> **EXERCISE DIRECTIONS**: Within the records below, find the line with "社长总编参观南湖革命纪念馆" and the line with "霧島市公式フェイスブック", then reproduce exactly those two lines and all lines between them, without any picture.

[Stored data entries]
+ + + + +
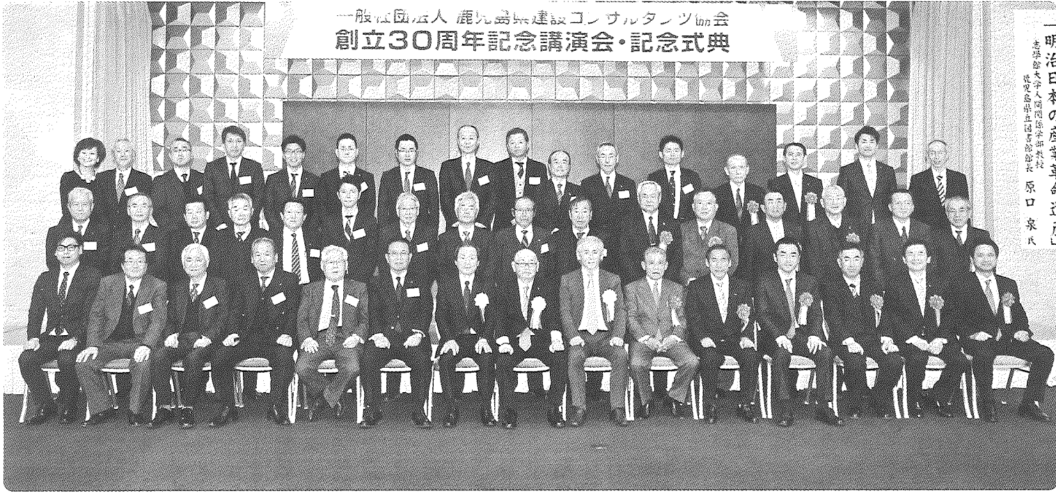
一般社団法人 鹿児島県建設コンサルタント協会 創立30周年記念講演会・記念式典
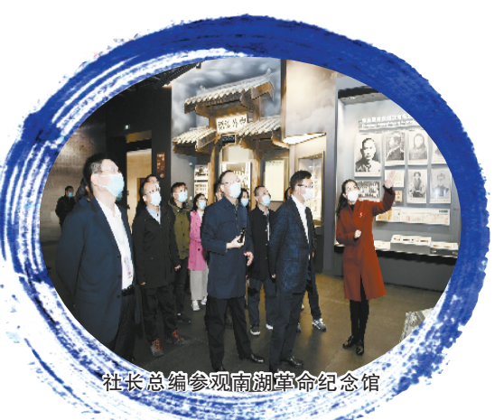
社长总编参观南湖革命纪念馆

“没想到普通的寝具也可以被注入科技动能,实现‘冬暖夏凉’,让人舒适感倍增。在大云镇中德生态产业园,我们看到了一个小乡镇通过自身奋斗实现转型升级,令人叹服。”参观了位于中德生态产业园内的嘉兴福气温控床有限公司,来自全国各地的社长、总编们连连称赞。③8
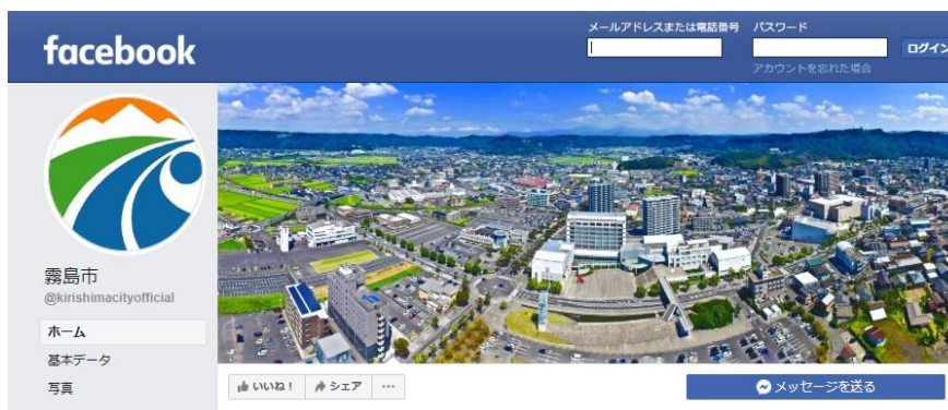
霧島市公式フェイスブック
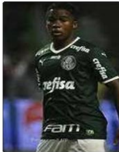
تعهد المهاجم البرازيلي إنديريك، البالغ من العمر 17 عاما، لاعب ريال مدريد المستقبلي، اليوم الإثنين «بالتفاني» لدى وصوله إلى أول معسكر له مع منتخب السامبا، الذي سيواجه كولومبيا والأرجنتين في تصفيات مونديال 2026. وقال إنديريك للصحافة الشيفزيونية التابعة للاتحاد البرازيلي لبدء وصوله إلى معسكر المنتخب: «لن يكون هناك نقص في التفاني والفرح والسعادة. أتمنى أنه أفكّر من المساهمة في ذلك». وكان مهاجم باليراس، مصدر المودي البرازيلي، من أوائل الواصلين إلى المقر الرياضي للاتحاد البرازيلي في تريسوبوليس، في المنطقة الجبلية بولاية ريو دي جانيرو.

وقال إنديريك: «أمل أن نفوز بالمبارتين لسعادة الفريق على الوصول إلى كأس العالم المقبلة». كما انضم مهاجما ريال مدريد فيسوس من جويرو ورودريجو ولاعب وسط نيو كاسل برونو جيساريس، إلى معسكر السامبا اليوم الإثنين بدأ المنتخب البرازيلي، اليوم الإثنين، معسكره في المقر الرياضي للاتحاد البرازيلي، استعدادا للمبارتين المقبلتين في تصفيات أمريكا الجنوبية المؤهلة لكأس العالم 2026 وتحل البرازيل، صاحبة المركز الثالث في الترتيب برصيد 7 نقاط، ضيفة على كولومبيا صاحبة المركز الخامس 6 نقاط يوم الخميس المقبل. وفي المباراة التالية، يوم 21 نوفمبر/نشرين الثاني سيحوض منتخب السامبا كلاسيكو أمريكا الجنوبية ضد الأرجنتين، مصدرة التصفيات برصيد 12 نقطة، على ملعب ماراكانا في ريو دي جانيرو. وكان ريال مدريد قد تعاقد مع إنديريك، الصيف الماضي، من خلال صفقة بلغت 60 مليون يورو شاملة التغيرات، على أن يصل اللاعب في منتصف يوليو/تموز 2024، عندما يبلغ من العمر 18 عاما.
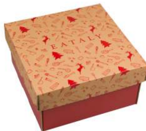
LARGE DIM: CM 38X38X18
+ + + + +
> **COMPLETED EXERCISE**:
社长总编参观南湖革命纪念馆

“没想到普通的寝具也可以被注入科技动能,实现‘冬暖夏凉’,让人舒适感倍增。在大云镇中德生态产业园,我们看到了一个小乡镇通过自身奋斗实现转型升级,令人叹服。”参观了位于中德生态产业园内的嘉兴福气温控床有限公司,来自全国各地的社长、总编们连连称赞。③8
霧島市公式フェイスブック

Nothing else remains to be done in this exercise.